Why Bayern Has To Win the 2013 UEFA Champions League Final

By Alex Ruppenthal on Email

UEFA Champions 2013 Final

Why Bayern has to win

Munich’s airport lifted its ban on late-night flights to send Chelsea FC fans back to London after last year’s Champions League Final against FC Bayern München.

Some Chelsea supporters stayed the night, wearing smiles while roaming Munich’s streets after their club shocked FC Bayern, which, in the 83rd minute, took a 1-0 lead and was minutes away from becoming the first team to win Europe’s premier club tournament in its own stadium.

Five minutes later, Chelsea’s Didier Drogba scored on Chelsea’s lone penalty kick – Bayern had 20 – forcing overtime and then penalty kicks. After Bastian Schweinsteiger missed Bayern’s final kick, Drogba kicked his in, clinching the trophy that belonged to Bayern, who dominated but just couldn’t convert on multiple scoring chances. Worse, it left Bayern, the New York Yankees of German soccer, without a single trophy for the second straight season.

Chelsea’s fans, knowing what was good for them, postponed their real celebration while roaming the streets near Munich’s central train station after the game. Any cheering would have stood out, as the locals walked silently with their heads down. I was there, and I remember sitting on a curb with friends and eating a kebab across from a bar, where a group of Bayern fans who had come from a rural part of the state fought, almost literally, over who was supposed to pick up the tab. A few days later, a friend of mine who doesn’t care much for soccer told me he was a little depressed about the whole thing. The city slumped into a soccer hangover, and it had nothing to do with its delicious beer.

Wanna know what? There’s a worse hangover, and it’s one loss away.


Why Bayern has to win, Part 2

When your roster lists half the German national team, plus stars like Franck Ribery (France) and Arjen Robben (Netherlands), rebounding from such a bad loss is easier than it would be for most teams.
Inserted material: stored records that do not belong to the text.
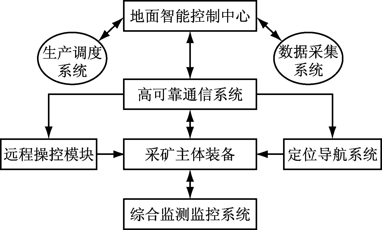 金属矿山物联网生态体系架构如图2所示。采矿主体装备通过矿山综合监测监控系统获取工作区域的环境状态、系统运行状态和作业目标状态,通过远程操控模块进行本地控制、视距控制、远程控制甚至全自动控制,通过定位导航系统实时反馈自身位置信息,通过高可靠通信系统实现与地面智能控制中心之间的数据传输。整个金属矿山物联网生态体系与矿山生产调度系统连接,实现生产作业过程优化管控和智能决策,并通过数据采集系统获取实时数据,支持智能化分析和决策。
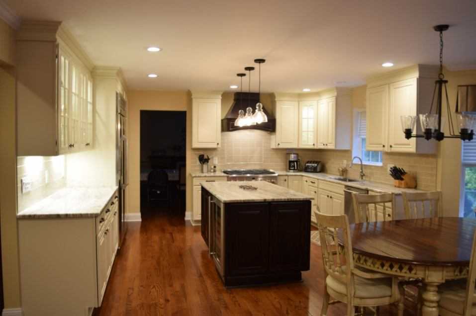 В кухонном интерьере стиля американская классика максимально используется натуральное дерево: в отделке потолка, пола, стен, в изготовлении кухонной мебели.
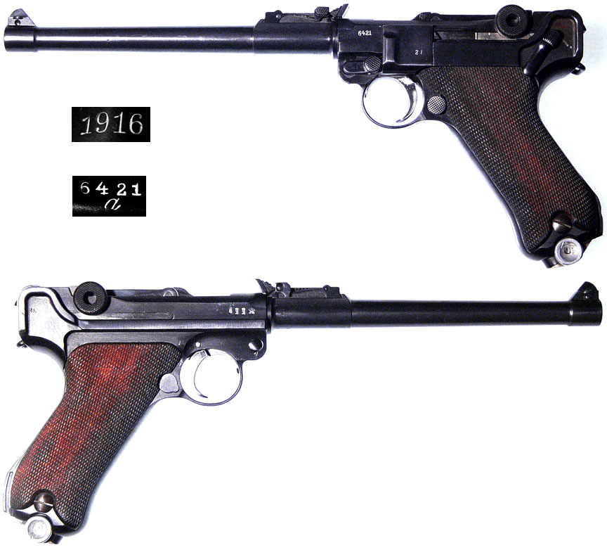 GERMAN Model 1914 Artillery semiautomatic Luger pistol # 6421a (9mm Parabellum) mfg. by DWM in 1916 with tangent rear-sight and 8" barrel. An original all-matching (except for magazine) example which has been nicely reblued. All markings very clear and bold, all small parts numbered 21. Bore has much rifling but is also pitted and dark. Piece is functional though magazine does not hold back toggle on last round. Nice checkered walnut grips has that small chip on left side near safety. Not import-marked. PHOTOS . . . $1500. C&R
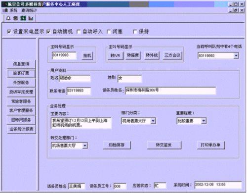 。。客戶打入電話后,當(dāng)系統(tǒng)的自動語音應(yīng)答子系統(tǒng)無法解決客戶問題時,客戶可選擇人工服務(wù),由航空公司客戶服務(wù)代表直接接聽客戶電話,處理并解決客戶問題。此時客戶同座席話務(wù)人員直接溝通,并同時記錄下該客戶的聯(lián)系方式,將相關(guān)數(shù)據(jù)添加入系統(tǒng)數(shù)據(jù)庫;也可以在數(shù)據(jù)庫的支持下回答機場航班/航空貨運信息及相關(guān)規(guī)定等的咨詢和疑問、訂座/訂艙?蛻粢部梢赃x擇自動語音服務(wù)方式,根據(jù)系統(tǒng)的語音提示輸入按鍵,選擇類別,將自己的投訴和建議以及自己的聯(lián)系方式信息以留言錄音的方式保存在系統(tǒng)中。系統(tǒng)同時還支持自動傳真方式,客戶可以通過傳真機進(jìn)入本系統(tǒng),通過按鍵選擇傳真方式,將自己的意見建議等的文本內(nèi)容傳真給系統(tǒng),系統(tǒng)自動接受并存入數(shù)據(jù)庫。
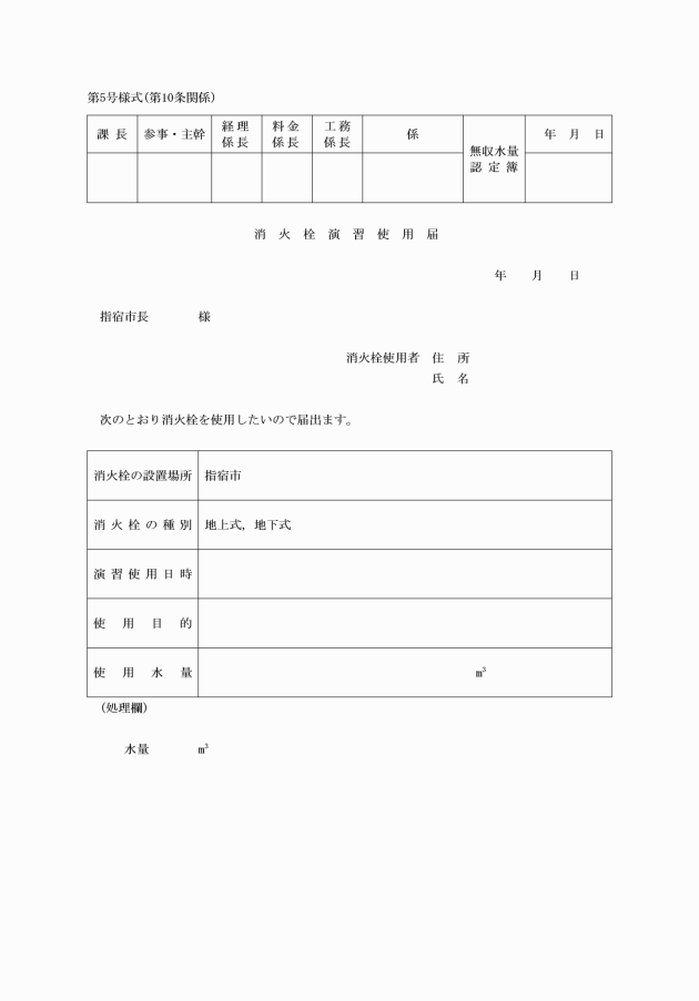 (2) 消火演習に消火栓を使用するときは,消火栓演習使用届(第5号様式)の提出をもって行う。
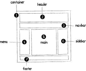 “container“ 就是将页面中的所有元素包在一起的部分,这部分还可以命名为 : “wrapper“, “wrap“, “page“.
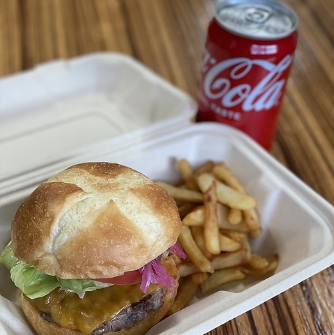 消費税8%+容器代50円 ハンバーガーは全種類テイクアウトできます。※ハンバーガー、ポテト&ドリンクセットのみテイクアウトできます。ランチセット、サラダ&ドリンクセットはテイクアウトしてません。
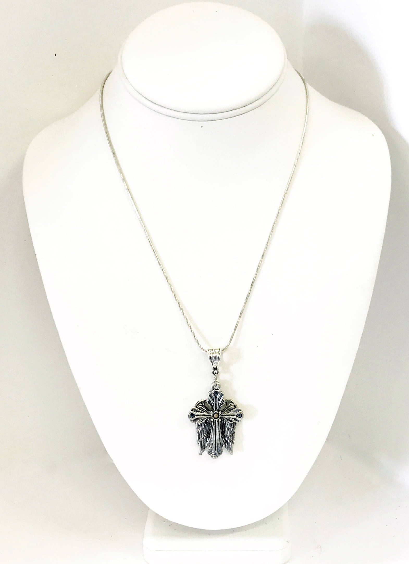 This beautiful necklace has an angel wing cross with a single mustard seed at the center to serve as a reminder that with the faith of a mustard seed, we can move mountains! The cross measures approx. 1 3/4 inch in length and approx. 1 inch wide.
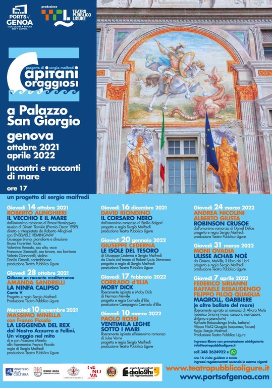 Comincia con un concerto ‘Capitani coraggiosi a Palazzo San Giorgio’, nuovo progetto di Teatro Pubblico Ligure ideato a e diretto da Sergio Maifredi col sostegno dell’Autorità di sistema portuale del Mar Ligure Occidentale e il patrocinio dell’Accademia italiana della marina mercantile.
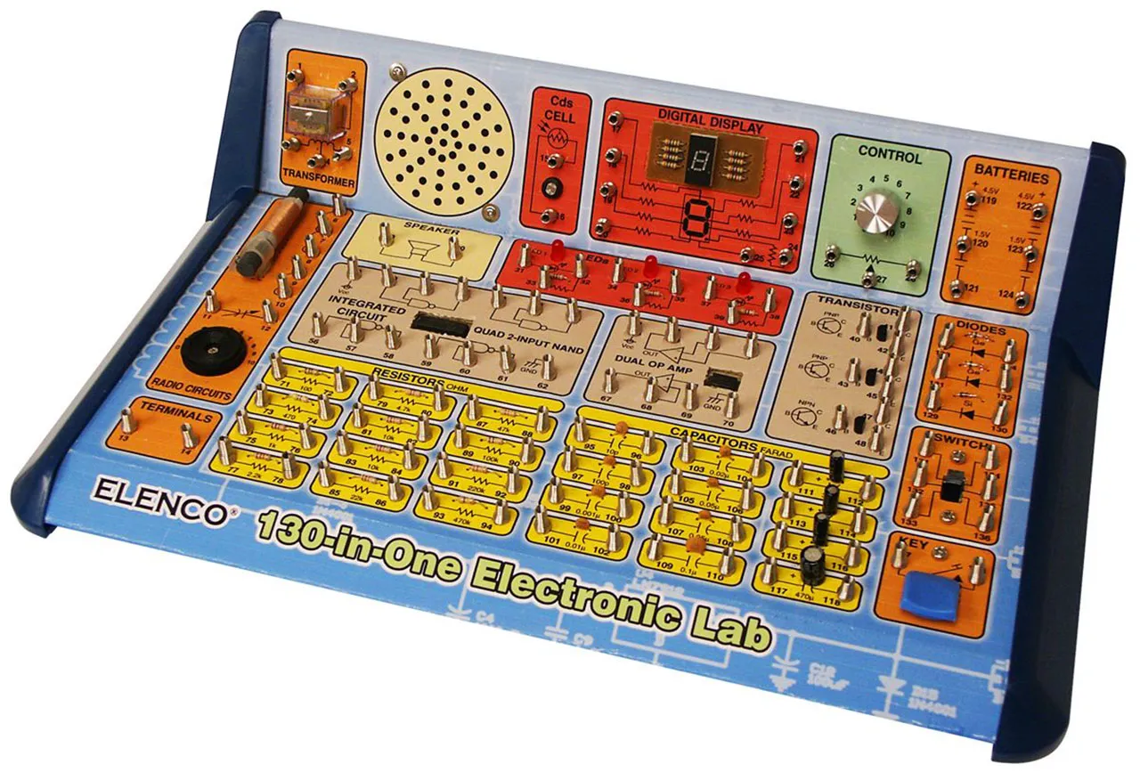 Start a great hobby in electronics. Spring coil connections make it safe and easy for anyone to use. It includes a detailed, step-by-step illustrated manual for easy construction. Comes with a built-in speaker, a 7-segment LED display, two integrated circuits, and rotary controls. Everything you need to build an AM broadcast station, an electronic organ, strobe lights, a timer, logic circuits, and many more!
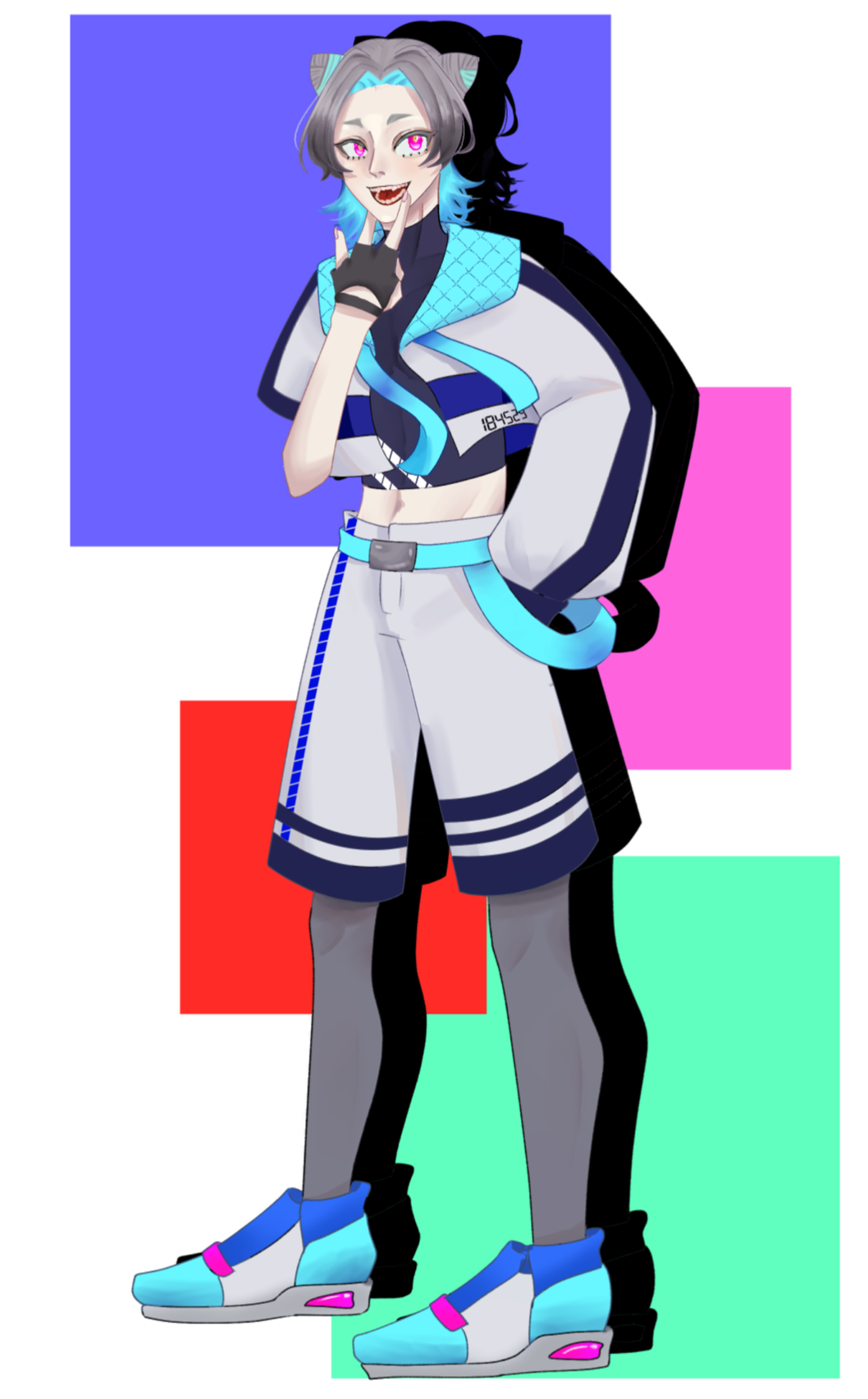 灰色から黒髪のグラデ蛍光ブルーから蛍光ピンクのグラデのインナーカラー

Bayern was so good during its domestic season this year that it clinched the Bundesliga earlier than any team in the league’s history – with six games still to play. The club set league records for points, biggest lead over the second-place team, wins, fewest goals allowed and about 2,000 other categories. In 34 games, Jupp Heynckes’ team scored 80 more goals than it allowed, breaking its own 1972-73 record by 16 goals.


None of it, though, will console the club’s demanding, egocentric management if Bayern loses to Dortmund on Saturday.

Bayern has matched its Bundesliga season in the Champions League, beating Barcelona 7-0 in the semifinal series to advance to the final. It will be Bayern’s third Champions League final in four years. If it doesn’t win, it will be Bayern’s third Champions League final loss in four years.

If Bayern doesn’t win, it will lose a chance to claim the club’s first triple (a sweep of the Bundesliga, Champions League and DFB-Pokal, Germany’s single-elimination cup), which, with a win Saturday, would be a near certainty considering mediocre VfB Stuttgart awaits in the DFB -Pokal final.

If Bayern doesn’t win, it will again be on the losing side of Champions League history.

If Bayern doesn’t win, Dortmund will claim the season in which it finished 25 points behind Bayern in the Bundesliga.

If Bayern doesn’t win, Dortmund, having won the Bundesliga each of the past two years before this season, will have stumped the kings of German soccer in three straight seasons.

If Bayern doesn’t win … You see, Bayern has to win.


Why Bayern has to win, period.

It’s hard to imagine more pressure on a team that has already accomplished so much. Losing in London’s Wembley Stadium on Saturday would be heartbreaking enough if the opponent were, say, Manchester United, or Real Madrid, or AC Milan. But no, its Jürgen Klopp-led Dortmund, the bumble-bee-clad squad from Germany’s industrial center that will fight to stake its claim as one of Europe’s top teams while it still can.

Borussia_Dortmund_logoOut for the game with a hamstring injury is Mario Götze, Dortmund’s quick and clever midfielder who is transferring to Bayern after the season. In addition to Götze, Dortmund likely will lose Polish striker Robert Lewandowski in the offseason. It’s doubtful, then, that the club will be able to challenge Bayern, who are adding the same Götze and replacing the retiring Heynckes with Pep Guardiola, who led Barcelona to 14 trophies in four seasons. Dortmund’s only chance figures to be if Bayern adjusts poorly to Guardiola, who will institute a different style than the one Bayern has played under Heynckes.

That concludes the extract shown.